Phillip William Read,  (1 January 1939 – 6 October 2022) was an English professional motorcycle racer.  He competed in Grand Prix motorcycle racing from 1961 to 1976. Read is notable for being the first competitor to win world championships in the 125 cc, 250 cc and 500 cc classes. Although he was often overshadowed by his contemporary, Mike Hailwood, he won seven FIM Grand Prix road racing world championships. 

In the 1979 Birthday Honours, Read was appointed Member of the Order of the British Empire (MBE) "for services to motor cycle racing". He was named an FIM Legend in 2013 for his motorcycling achievements.

Early years

Born in the large Bedfordshire town of Luton on 1 January 1939, Read was a keen road-rider and worked as an apprentice fitter at Brown and Green, a Luton manufacturer of industrial machinery.
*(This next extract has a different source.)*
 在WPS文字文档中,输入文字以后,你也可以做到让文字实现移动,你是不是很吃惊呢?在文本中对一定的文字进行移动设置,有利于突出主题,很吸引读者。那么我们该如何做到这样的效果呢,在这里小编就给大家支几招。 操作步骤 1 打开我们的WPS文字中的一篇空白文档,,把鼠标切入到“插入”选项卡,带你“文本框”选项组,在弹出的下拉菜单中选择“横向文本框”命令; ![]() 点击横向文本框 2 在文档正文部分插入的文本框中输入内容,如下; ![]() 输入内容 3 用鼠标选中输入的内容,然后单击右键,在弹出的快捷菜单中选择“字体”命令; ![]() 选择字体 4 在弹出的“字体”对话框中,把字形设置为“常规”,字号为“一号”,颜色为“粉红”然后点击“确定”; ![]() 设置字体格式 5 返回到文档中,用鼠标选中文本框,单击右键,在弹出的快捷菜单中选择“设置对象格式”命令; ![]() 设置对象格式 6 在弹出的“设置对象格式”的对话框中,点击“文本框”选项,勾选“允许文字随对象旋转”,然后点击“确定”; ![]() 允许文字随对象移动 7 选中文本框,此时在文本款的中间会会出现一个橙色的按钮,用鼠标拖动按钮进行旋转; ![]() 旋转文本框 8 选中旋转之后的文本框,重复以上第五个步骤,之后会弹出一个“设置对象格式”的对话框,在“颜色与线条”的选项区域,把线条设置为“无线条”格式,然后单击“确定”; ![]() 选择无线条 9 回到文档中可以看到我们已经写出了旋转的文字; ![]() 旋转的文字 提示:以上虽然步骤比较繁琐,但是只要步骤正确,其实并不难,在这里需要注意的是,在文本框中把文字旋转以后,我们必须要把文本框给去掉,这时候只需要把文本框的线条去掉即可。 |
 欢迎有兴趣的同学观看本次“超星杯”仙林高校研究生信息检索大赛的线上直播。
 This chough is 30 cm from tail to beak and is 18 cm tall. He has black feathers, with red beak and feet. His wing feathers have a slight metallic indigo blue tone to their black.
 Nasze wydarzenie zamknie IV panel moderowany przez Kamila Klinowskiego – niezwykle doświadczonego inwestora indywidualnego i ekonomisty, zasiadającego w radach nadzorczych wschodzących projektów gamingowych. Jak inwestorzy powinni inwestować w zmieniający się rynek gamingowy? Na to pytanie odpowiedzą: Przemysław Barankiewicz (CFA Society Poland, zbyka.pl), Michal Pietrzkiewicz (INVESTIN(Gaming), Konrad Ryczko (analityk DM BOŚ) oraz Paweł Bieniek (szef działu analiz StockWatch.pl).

His first road machine was a Velocette KSS which he started on at the UK legal-minimum riding age of sixteen in 1955, followed by a BSA Gold Star DBD32. He started amateur short-circuit racing in 1958 on a Duke BSA Gold Star. In 1960 he won the Junior Manx Grand Prix on a Manx Norton at record speed followed by the Junior (350cc) TT race in 1961. He placed second in the 350cc and 500cc races at the 1961 North West 200 in Northern Ireland on Manx Nortons.

He was a two-time winner of the Thruxton 500 endurance race in 1962 and 1963 riding Syd Lawton's Norton Dominator 650SS machines.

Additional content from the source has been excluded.